Despite compelling epidemiological evidence that folic acid supplements reduce the frequency of neural tube defects (NTDs) in newborns, common variant association studies with folate metabolism genes have failed to explain the majority of NTD risk. The contribution of rare alleles as well as genetic interactions within the folate pathway have not been extensively studied in the context of NTDs. Thus, we sequenced the exons in 31 folate-related genes in a 480-member NTD case-control population to identify the full spectrum of allelic variation and determine whether rare alleles or obvious genetic interactions within this pathway affect NTD risk. We constructed a pathway model, predetermined independent of the data, which grouped genes into coherent sets reflecting the distinct metabolic compartments in the folate/one-carbon pathway (purine synthesis, pyrimidine synthesis, and homocysteine recycling to methionine). By integrating multiple variants based on these groupings, we uncovered two provocative, complex genetic risk signatures. Interestingly, these signatures differed by race/ethnicity: a Hispanic risk profile pointed to alterations in purine biosynthesis, whereas that in non-Hispanic whites implicated homocysteine metabolism. In contrast, parallel analyses that focused on individual alleles, or individual genes, as the units by which to assign risk revealed no compelling associations. These results suggest that the ability to layer pathway relationships onto clinical variant data can be uniquely informative for identifying genetic risk as well as for generating mechanistic hypotheses. Furthermore, the identification of ethnic-specific risk signatures for spina bifida resonated with epidemiological data suggesting that the underlying pathogenesis may differ between Hispanic and non-Hispanic groups.

The prevalence of folate-remedial MTHFR enzyme variants in humans.

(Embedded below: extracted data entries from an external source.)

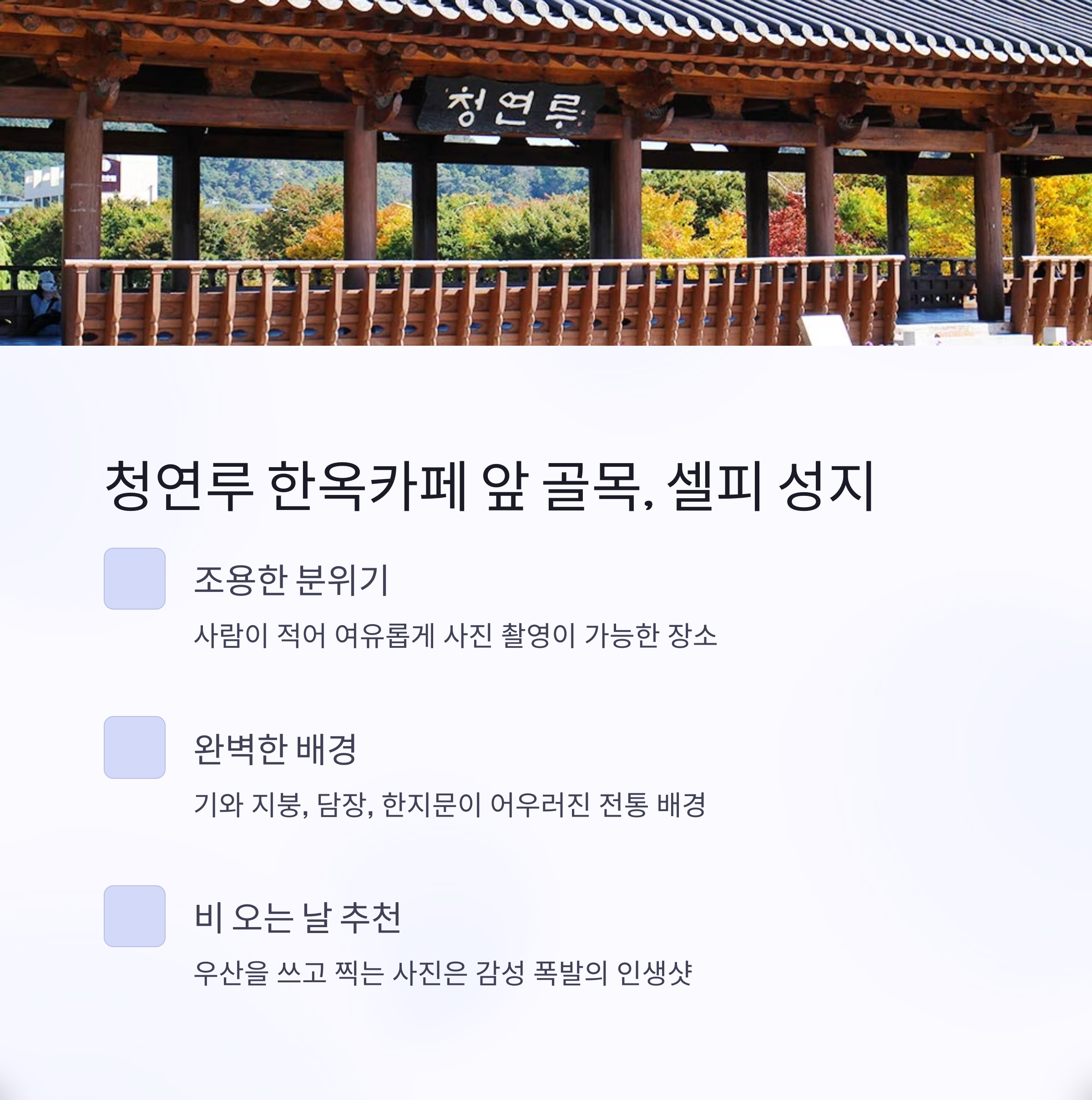 | 청연루 골목 | 셀카·감성샷 | 인물 중심 앵글 추천 |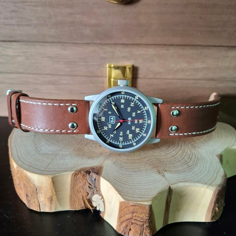 Klockan har ett guldpläterat boett (AU10), en svart urtavla med romerska siffror och datumvisning, mekanismen med 17 juveler.
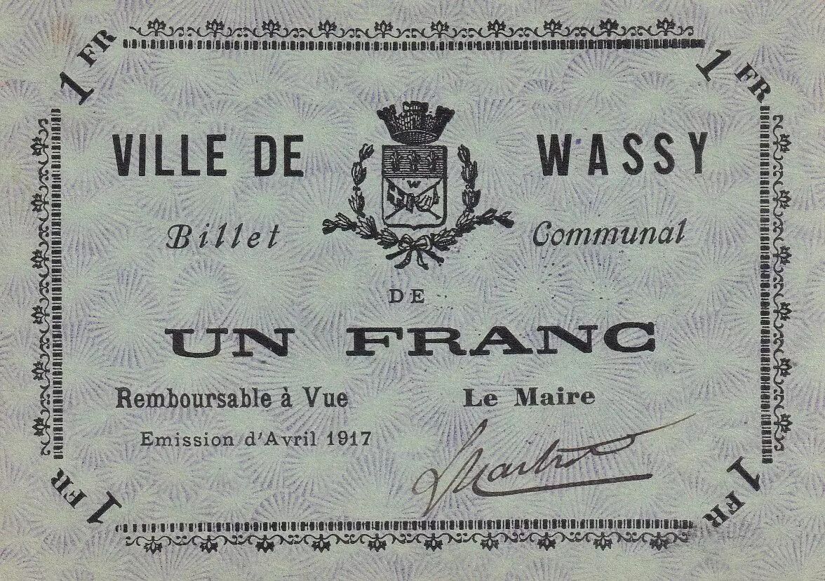 Home > > France 1 Franc - Ville de Wassy - 1917 - P.52-51

Studies of rare, inborn metabolic diseases establish that the phenotypes of some mutations in vitamin-dependent enzymes can be suppressed by supplementation of the cognate vitamin, which restores function of the defective enzyme. To determine whether polymorphisms exist that more subtly affect enzymes yet are augmentable in the same way, we sequenced the coding region of a prototypical vitamin-dependent enzyme, methylenetetrahydrofolate reductase (MTHFR), from 564 individuals of diverse ethnicities. All nonsynonymous changes were evaluated in functional in vivo assays in Saccharomyces cerevisiae to identify enzymatic defects and folate remediability of impaired alleles. We identified 14 nonsynonymous changes: 11 alleles with minor allele frequencies <1% and 3 common alleles (A222V, E429A, and R594Q). Four of 11 low-frequency alleles affected enzyme function, as did A222V. Of the five impaired alleles, four could be restored to normal functionality by elevating intracellular folate levels. All five impaired alleles mapped to the N-terminal catalytic domain of the enzyme, whereas changes in the C-terminal regulatory domain had little effect on activity. Impaired activity correlated with the phosphorylation state of MTHFR, with more severe mutations resulting in lower abundance of the phosphorylated protein. Significantly, diploid yeast heterozygous for mutant alleles were impaired for growth, particularly with lower folate supplementation. These results suggested that multiple less-frequent alleles, in aggregate, might significantly contribute to metabolic dysfunction. Furthermore, vitamin remediation of mutant enzymes may be a common phenomenon in certain domains of proteins.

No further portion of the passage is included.